После того, как вернулись в дом, так же запальчиво и резко сказал:
— Искусственность нам не нужна. Вы не кобыла и не подзаборная девка, а если наши слова оскорбительны для вашего самолюбия, пойдите в сортир и там поплачьте.
От обиды я заревела. Минут через десять Сталин смягчился:
— Верочка, я боюсь твоей власти! Мне хорошо с тобой! Ты колдунья! Ты настоящая женщина! Чародейка! Скажу откровенно, до тебя у меня были обыкновенные бабы-телки, но только не женщины.
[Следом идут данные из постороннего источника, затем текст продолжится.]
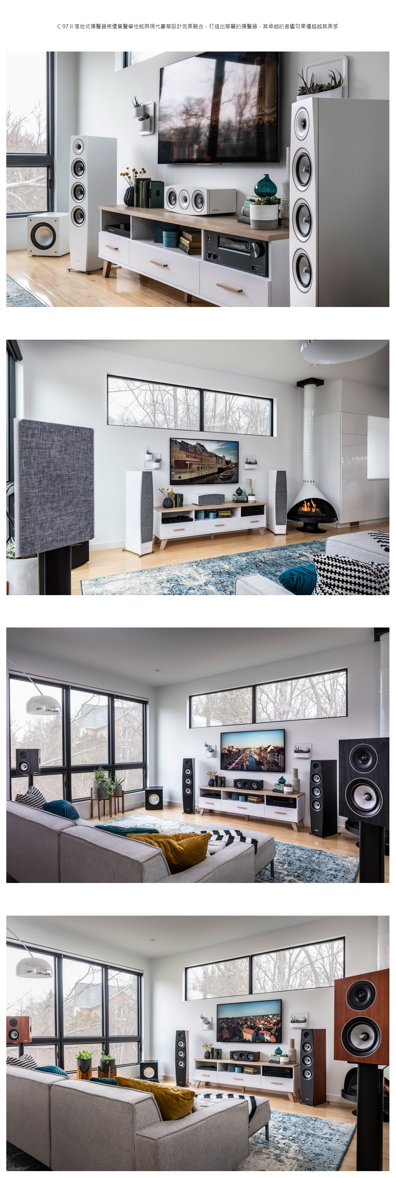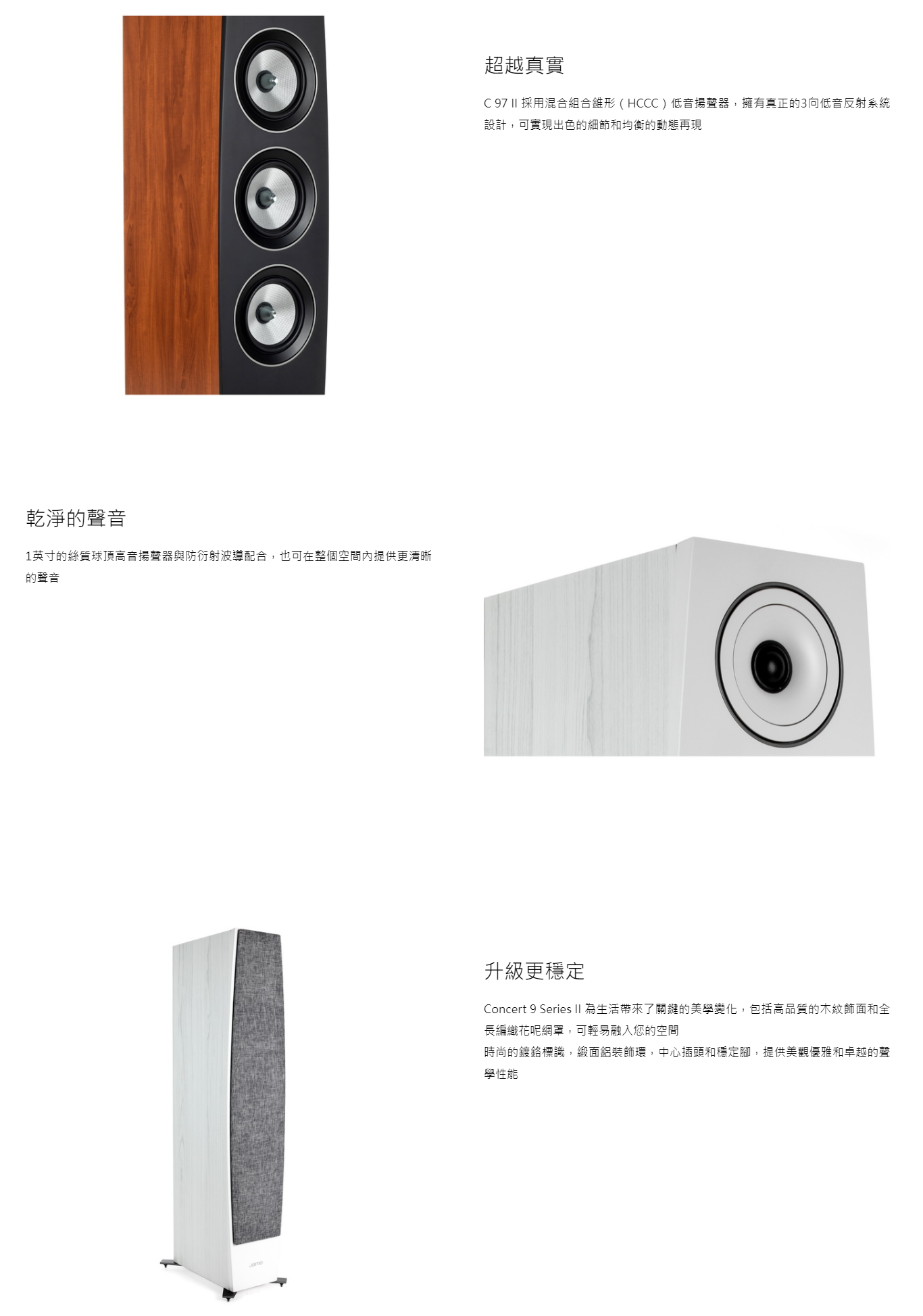 丹麥 Jamo 旗下 C 系列進化到第二代,以主力落地喇叭 C 97 II 來說,維持 3 音路 4 單體設計,強調更為乾淨清晰的音色,並且提升聲波擴散性,即便不在皇帝位,也能聽到寬闊的音場。
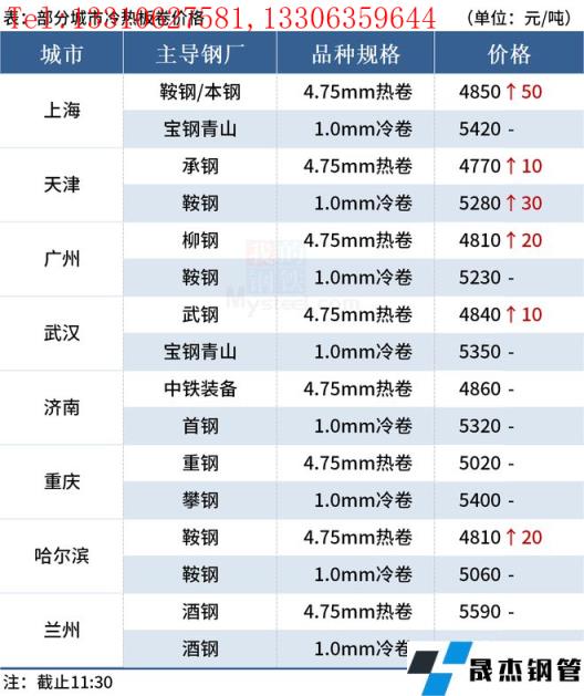◎天津:31日早盤冷軋市場價格上調30元/噸,1.0天鐵5290元/噸;首鋼5280元/噸,唐鋼5250元/噸,成交一般。(單位:元/噸)

На «комплимент» ответила поцелуем. Сталин оживленно проговорил:
— Слияние сердец самое великое таинство на земле. Мы слышали, что за вами усиленно ухаживает солист Большого театра артист Норцов?
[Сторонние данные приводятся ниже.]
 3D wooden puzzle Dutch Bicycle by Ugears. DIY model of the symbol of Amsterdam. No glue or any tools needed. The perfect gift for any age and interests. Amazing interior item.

— Он хотел со мной встретиться, пригласил в кино.
— Мне нравится, что вы говорите правду, вот если бы солгали… — После длительной паузы — В кино, конечно, следует пойти, в этом ничего плохого нет, а вот спать с ним нельзя. У вас есть муж, разводиться с ним не рекомендуем, мы собираемся его перевести в Москву, чтобы вам было веселее. До тех пор, пока мы будем общаться, вам никто не нужен. Когда у вас намечается отпуск?
— Я отдыхаю два месяца — июль и август.
— Вы в чем-нибудь нуждаетесь?
— Спасибо, у меня все есть.
Крадущимися шажками подбежал неказистый, белобрысый, неопределенного возраста человек.
— Разрешите представиться? — отчеканил он по-военному. — Ваш новый шофер и сопровождающий Федор Аристархович Кузяев.
Спросила взволнованно:
— А где Василий Петрович?
— Переведен на другую работу.
Это была реакция Сталина на мою просьбу. Он еще раз дал почувствовать, что я в его руках ничего не значащая игрушка.
Долго не приходил сон. Тоскующее сердце на давало покоя. Оно кровоточило, трепетало, словно подстреленная бескрылая птица. Я боялась за судьбу Василия Петровича. Истерзанная этими мыслями, я опустилась на колени. Ночь была в самом разгаре, как всегда спокойная, тихая и почти безмолвная. Я молилась за Василия Петровича Мохова и его несчастных обездоленных родителей. Слезы, не спросясь, с новой силой хлынули из моих глаз. Я оплакивала свою судьбу. Чего я достигла? Кем стала?. Любовницей Сталина? Его подстилкой? А что же дальше? Что впереди? Какие горизонты меня ожидают? Кто мог ответить на этот вопрос?
Утром пришла телеграмма из Ленинграда: «Продолжаю работать. Целую. Евгений Червяков». Значит, Бог есть! Он услышал мои молитвы, он мне, крошечной людской песчинке, помог.
С Норцовым посмотрела комедию Чарли Чаплина «Золотая лихорадка». Потом зашли в кафе.